El agua de lluvia ahora no es potable en todas partes de la Tierra

Según un reciente estudio sueco, el agua de lluvia es hoy en día no apta para el consumo en nuestro planeta, incluso en las zonas más aisladas. Según los investigadores, las sustancias perfluoroalquilo y polifluoroalquilo (PFAS), también denominadas “sustancias químicas eternas”, están en el centro del problema.

Un fenómeno mundial

Recientemente mencionamos la propagación de microplásticos a los cuatro rincones del mundo, a los picos de las montañas o incluso al fondo del mar. Sin embargo, otras sustancias tienden a esparcirse por nuestro planeta: sustancias perfluoroalquilo y polifluoroalquilo (PFAS). Según un estudio de la Universidad de Estocolmo (Suecia) publicado en la revista Environmental Science & Technology el 2 de agosto de 2022, estas sustancias han sido objeto de un distribución mundial a través de suelos, cursos de agua y océanos.

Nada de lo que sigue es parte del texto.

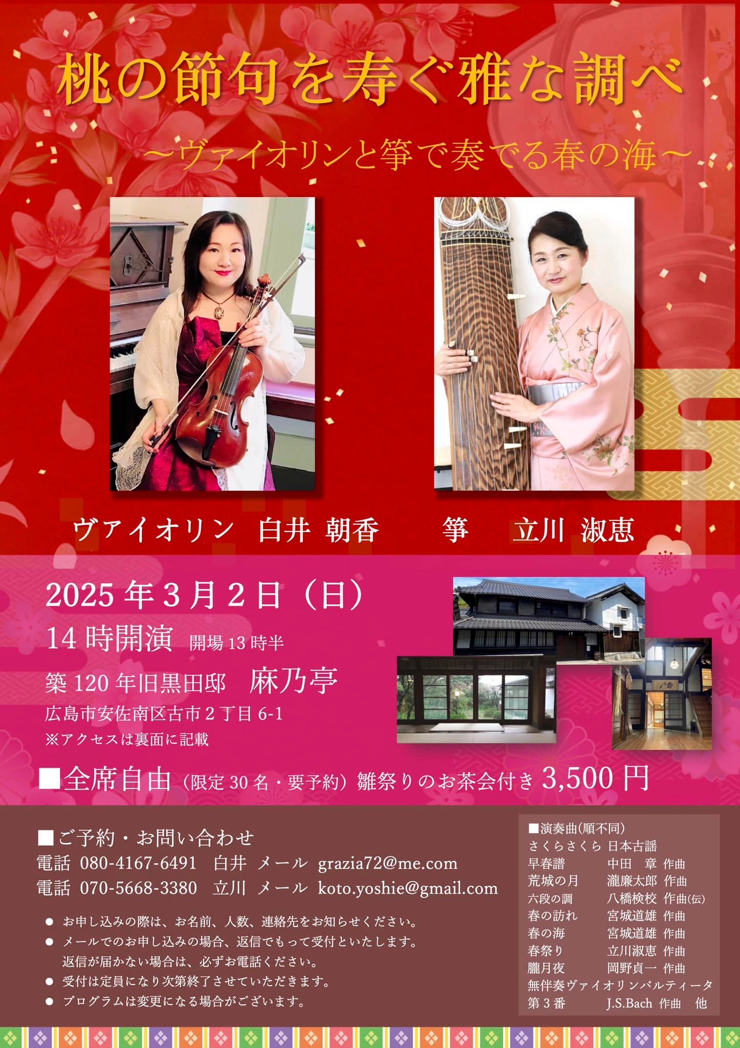 ヴァイオリン 白井 朝香 箏 立川 淑恵 |

El problema es tal que ahora se encuentran PFAS incluso en el agua de lluvia y la nieve. La conclusión del estudio es clara: en todas partes del mundo, sin importar dónde estemos, el agua de lluvia no debe consumirse. Hay que decir que, en general, los PFAS están vinculados a muchos problemas de salud y otras enfermedades serio. Estos incluyen ciertos tipos de cáncer, problemas de infertilidad, complicaciones del embarazo, deficiencias inmunológicas e hipercolesterolemia. En los niños, estas sustancias pueden causar problemas de aprendizaje y comportamiento.

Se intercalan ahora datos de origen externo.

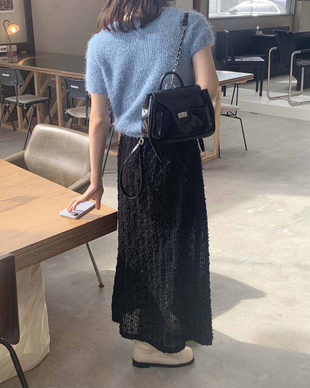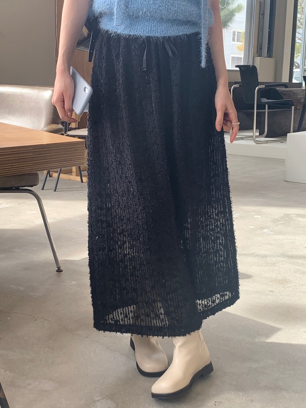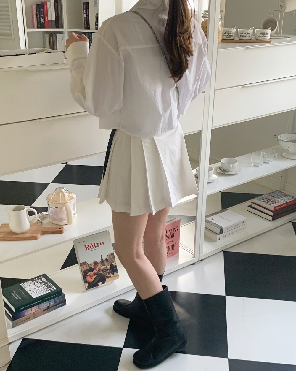 종아리 중간 정도까지 오는 하프 기장 덕분에 스커트나 반바지 등에도

Los autores del estudio son formales: a pesar de una caída general de la concentración de PFAS en las últimas décadas, esta misma concentración sigue siendo demasiado alta para algunas sustancias, lo que hace que el agua no sea potable.

PFAS
Créditos: Ciencia y Tecnología Ambiental / Universidad de Estocolmo

Límites ya excedidos

Para estudiar la presencia de PFAS en la atmósfera terrestre, los científicos realizaron trabajos en laboratorios, pero también en campo. Los niveles de algunos PFAS no han disminuido realmente, a pesar de que la empresa 3M, su principal fabricante, ya ha iniciado una Eliminación gradual. Para los autores del estudio, esto no es sorprendente en la medida en que las PFAS son muy persistentes.

El estudio también señala que la transmisión de PFAS del agua del océano al aire del mar por el rocío del mar es en gran parte responsable de su persistencia en la atmósfera. Esta persistencia, por tanto, está asociada a un ciclo global de PFAS que no se está agotando, lo que conduce a un superando los límites establecidos por la normativa en la calidad del agua para la salud humana.

Los investigadores no son muy optimistas y creen que el margen de maniobra es muy reducido. Según ellos, debería revisar los límites de concentración de PFAS a nivel mundial, pero lamentablemente estos límites ya se han excedido.